Reading Article II as a whole, it is facially clear that only citizens may vote in elections within the State of New York. Article II of the Constitution governs "Suffrage." Section 1, titled "Qualifications of voters," states,

"Every citizen shall be entitled to vote at every election for all officers elected by the people and upon all questions submitted to the vote of the people provided that such citizen is eighteen years of age or over and shall have been a resident of this state, and of the county, city, or village for thirty days next preceding an election" (NY Const, art II, § 1).
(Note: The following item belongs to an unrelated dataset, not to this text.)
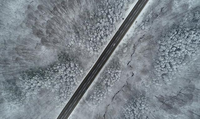 Kar örtüsü altındaki ormanlar dronla görüntülendi.
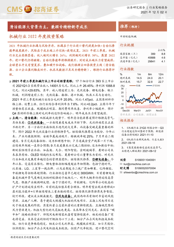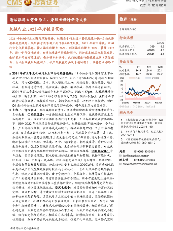 【海通证券】【20211202】机械行业2022年度投资策略:清洁能源大背景为主,兼顾专精特新寻成长-42页

Appellants urge that Article II, section 1 merely provides a floor, guaranteeing that citizens may vote in all elections but not prohibiting voting by others. Under that interpretation, municipalities are free to enact legislation that would enable anyone to vote—including, as counsel for appellants stated during oral argument, thirteen-year-old children. That reading is incompatible with other portions of Article II.[FN2] Section 5 requires the promulgation of laws "for ascertaining, by proper proofs, the citizens who shall be entitled to the right of suffrage hereby established." Likewise, section 7 provides that "all elections by the citizens . . . shall be by ballot."[FN3] Under appellants' construction, municipalities must require citizens to vote by ballot, but would be unfettered in the means they decide to use for noncitizen voting. Each of those constitutional provisions presumes that the franchise is limited to citizens.